(Data records)
- - -
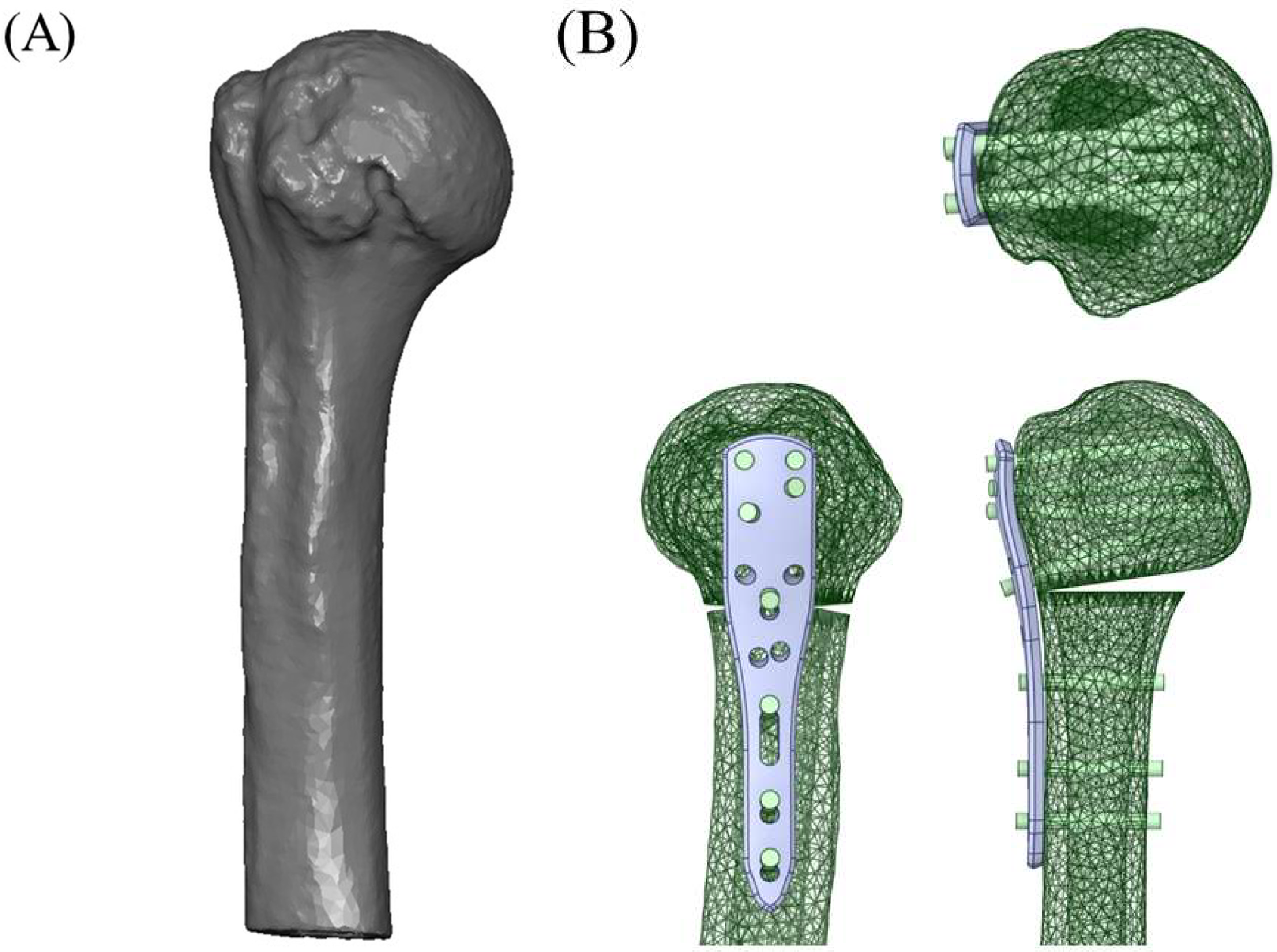 - Zhang, W.; Zeng, L.; Liu, Y.; Pan, Y.; Zhang, W.; Zhang, C.; Zeng, B.; Chen, Y. The mechanical benefit of medial support screws in locking plating of proximal humerus fractures. PLoS ONE 2014, 9, e103297. [Google Scholar] [CrossRef] [PubMed]
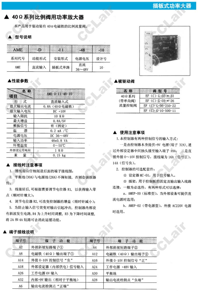 AME-D-11-48-10,比例閥用功率放大器,YUCIYUKEN榆次油研
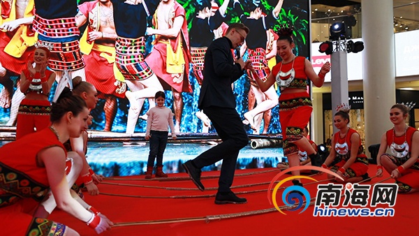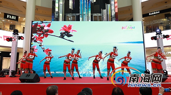 展會(huì)現(xiàn)場(chǎng),傳統(tǒng)舞蹈《久久不見(jiàn)久久見(jiàn)》、黎族特色舞蹈《三月三》、贈(zèng)送貝殼制作的海南特色禮品、竹竿舞互動(dòng)等獨(dú)具三亞特色的節(jié)目在莫斯科阿特里姆商業(yè)中心上演。
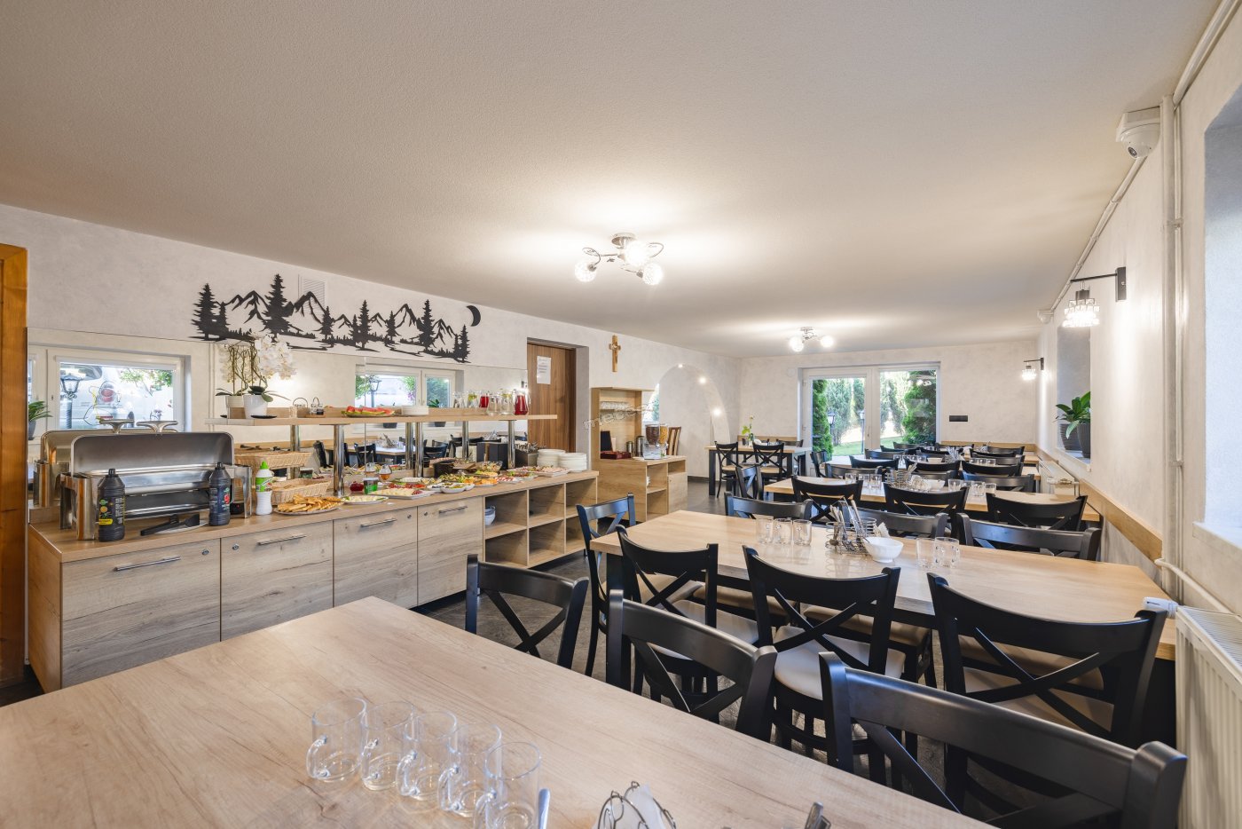 Do dyspozycji gości stołówka. Oferujemy pyszne domowe jedzenie, po wcześniejszym ustaleniu istnieje możliwość dostosowania posiłków do potrzeb żywieniowych gości (dieta wegetariańska, wegańska, bezlaktozowa czy bezglutenowa). Dla większych grup istnieje możliwość przygotowania prowiantu na wycieczki lub wyżywienia ze śniadaniem, obiadem, podwieczorkiem i kolacją.
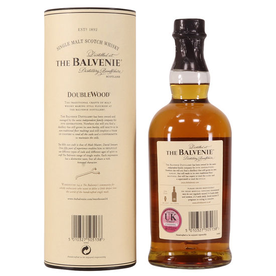 To make The Balvenie DoubleWood, The Balvenie Malt Master, David Stewart MBE takes whisky that has spent at least 12 years in traditional whisky casks, American Oak ex-bourbon barrels and hogsheads, and moves it to Spanish oak ex-Oloroso sherry casks for an additional nine months.
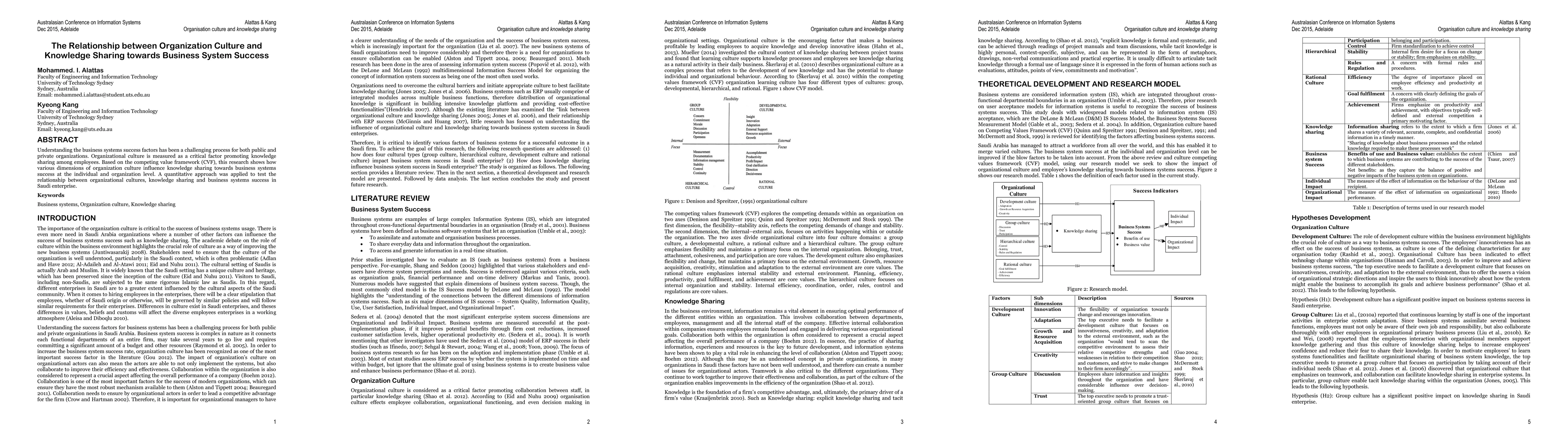 This research investigates the impact of organizational culture on knowledge sharing and its subsequent effect on business systems success, using a quantitative approach in Saudi enterprises. It demonstrates how various dimensions of organizational culture, as defined by the competing value framework, influence knowledge sharing at both individual and organizational levels.
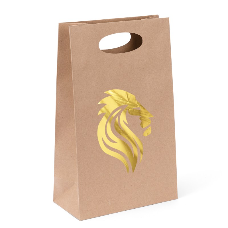 The Eco Die Cut Shopper bags are made with 100% recycled paper with a minimum of 60% post consumer content. The bags feature 140 GSM Eco kraft paper and die cut handles. Available in two sizes (Donna and Karen) and with multiple imprint options. Complies with CPSIA, C-TPAT, FDA, Prop 65. 8″ W x 13″ H x 4″ D
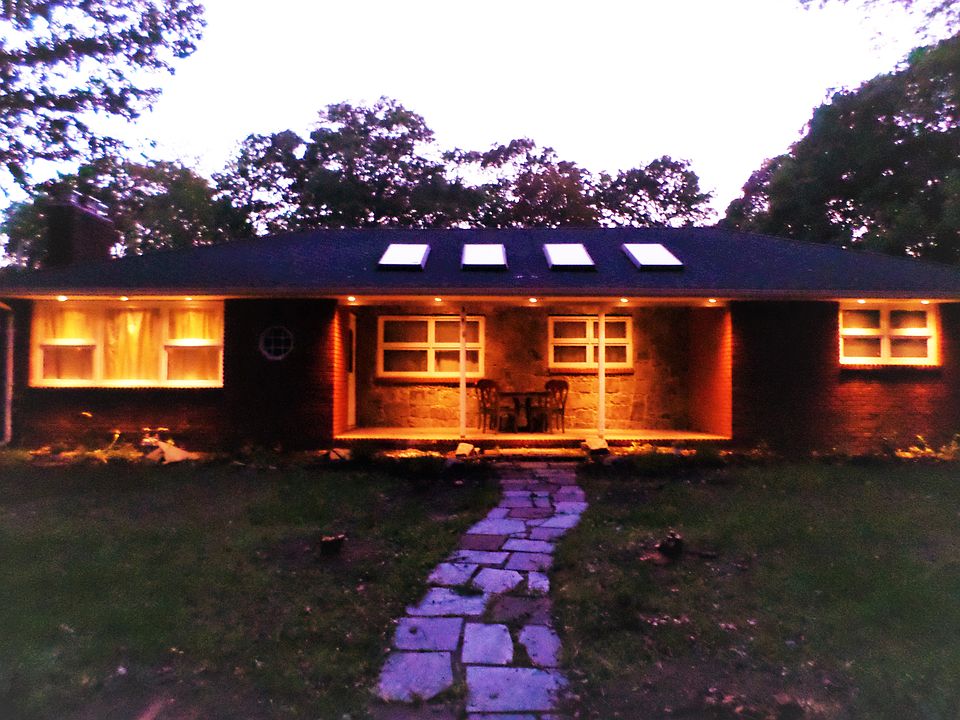 Single Family all Brick and 5" thick Stone , single floor ranch on over a half acre with three deeded driveways two septic systems , 9 sky lights , living room , dinning room , kitchen , four bedrooms, two porches , full basement , and one fireplace .
- - -
(What to produce): The data above must be written out again word for word, without its pictures.

(Answer):
 - Zhang, W.; Zeng, L.; Liu, Y.; Pan, Y.; Zhang, W.; Zhang, C.; Zeng, B.; Chen, Y. The mechanical benefit of medial support screws in locking plating of proximal humerus fractures. PLoS ONE 2014, 9, e103297. [Google Scholar] [CrossRef] [PubMed]
 AME-D-11-48-10,比例閥用功率放大器,YUCIYUKEN榆次油研
 展會(huì)現(xiàn)場(chǎng),傳統(tǒng)舞蹈《久久不見(jiàn)久久見(jiàn)》、黎族特色舞蹈《三月三》、贈(zèng)送貝殼制作的海南特色禮品、竹竿舞互動(dòng)等獨(dú)具三亞特色的節(jié)目在莫斯科阿特里姆商業(yè)中心上演。
 Do dyspozycji gości stołówka. Oferujemy pyszne domowe jedzenie, po wcześniejszym ustaleniu istnieje możliwość dostosowania posiłków do potrzeb żywieniowych gości (dieta wegetariańska, wegańska, bezlaktozowa czy bezglutenowa). Dla większych grup istnieje możliwość przygotowania prowiantu na wycieczki lub wyżywienia ze śniadaniem, obiadem, podwieczorkiem i kolacją.
 To make The Balvenie DoubleWood, The Balvenie Malt Master, David Stewart MBE takes whisky that has spent at least 12 years in traditional whisky casks, American Oak ex-bourbon barrels and hogsheads, and moves it to Spanish oak ex-Oloroso sherry casks for an additional nine months.
 This research investigates the impact of organizational culture on knowledge sharing and its subsequent effect on business systems success, using a quantitative approach in Saudi enterprises. It demonstrates how various dimensions of organizational culture, as defined by the competing value framework, influence knowledge sharing at both individual and organizational levels.
 The Eco Die Cut Shopper bags are made with 100% recycled paper with a minimum of 60% post consumer content. The bags feature 140 GSM Eco kraft paper and die cut handles. Available in two sizes (Donna and Karen) and with multiple imprint options. Complies with CPSIA, C-TPAT, FDA, Prop 65. 8″ W x 13″ H x 4″ D
 Single Family all Brick and 5" thick Stone , single floor ranch on over a half acre with three deeded driveways two septic systems , 9 sky lights , living room , dinning room , kitchen , four bedrooms, two porches , full basement , and one fireplace .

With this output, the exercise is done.